DATA FOR PROCESSING =>
☆ ☆ ☆ ☆ ☆ ☆ ☆
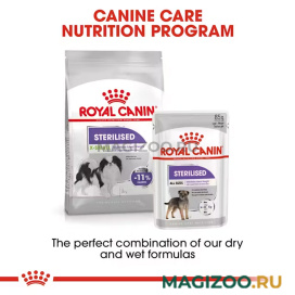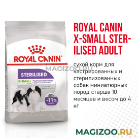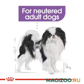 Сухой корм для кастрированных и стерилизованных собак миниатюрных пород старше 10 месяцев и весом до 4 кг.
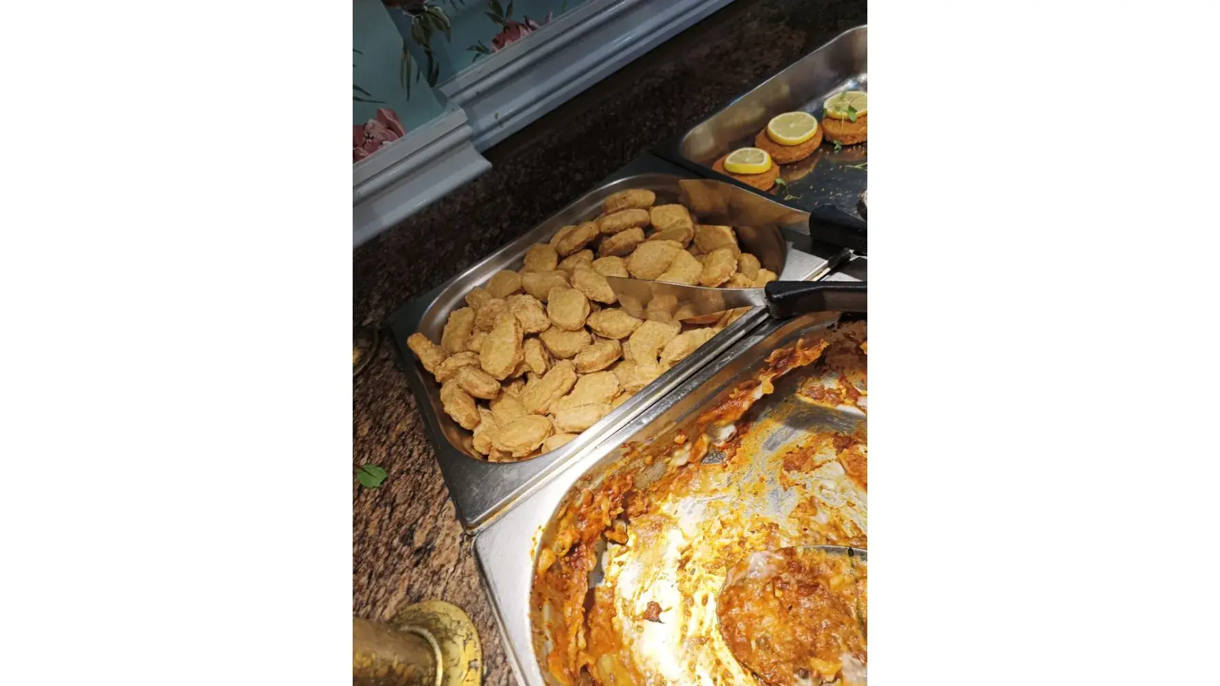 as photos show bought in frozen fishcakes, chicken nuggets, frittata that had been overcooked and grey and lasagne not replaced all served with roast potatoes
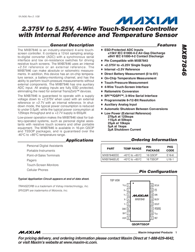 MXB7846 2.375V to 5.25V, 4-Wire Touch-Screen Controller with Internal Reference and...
☆ ☆ ☆ ☆ ☆ ☆ ☆
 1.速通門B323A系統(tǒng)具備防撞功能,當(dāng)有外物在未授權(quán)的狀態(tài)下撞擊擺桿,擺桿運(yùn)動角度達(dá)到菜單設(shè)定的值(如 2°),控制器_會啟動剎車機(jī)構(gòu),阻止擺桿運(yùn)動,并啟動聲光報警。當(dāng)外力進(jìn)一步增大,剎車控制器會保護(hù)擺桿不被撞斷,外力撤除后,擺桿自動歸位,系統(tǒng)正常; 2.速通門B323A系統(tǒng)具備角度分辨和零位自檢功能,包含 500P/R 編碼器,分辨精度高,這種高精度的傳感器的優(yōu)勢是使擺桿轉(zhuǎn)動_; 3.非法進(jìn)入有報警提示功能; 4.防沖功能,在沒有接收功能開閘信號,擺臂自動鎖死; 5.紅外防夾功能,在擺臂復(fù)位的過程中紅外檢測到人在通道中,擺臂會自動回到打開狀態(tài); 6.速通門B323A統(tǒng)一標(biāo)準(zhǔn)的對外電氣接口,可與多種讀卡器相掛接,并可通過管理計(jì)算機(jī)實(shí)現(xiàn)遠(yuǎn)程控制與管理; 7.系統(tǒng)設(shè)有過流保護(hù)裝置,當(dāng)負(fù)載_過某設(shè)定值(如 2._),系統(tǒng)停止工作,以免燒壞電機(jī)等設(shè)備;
☆ ☆ ☆ ☆ ☆ ☆ ☆
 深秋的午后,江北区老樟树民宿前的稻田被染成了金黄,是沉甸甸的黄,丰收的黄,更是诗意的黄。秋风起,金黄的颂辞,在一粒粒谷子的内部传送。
☆ ☆ ☆ ☆ ☆ ☆ ☆
Leaving out all pictures, set down exactly the lines of the material above, from the line with "as photos show" to the line with "MXB7846 2.375V to" inclusive, and no others.

 as photos show bought in frozen fishcakes, chicken nuggets, frittata that had been overcooked and grey and lasagne not replaced all served with roast potatoes
 MXB7846 2.375V to 5.25V, 4-Wire Touch-Screen Controller with Internal Reference and...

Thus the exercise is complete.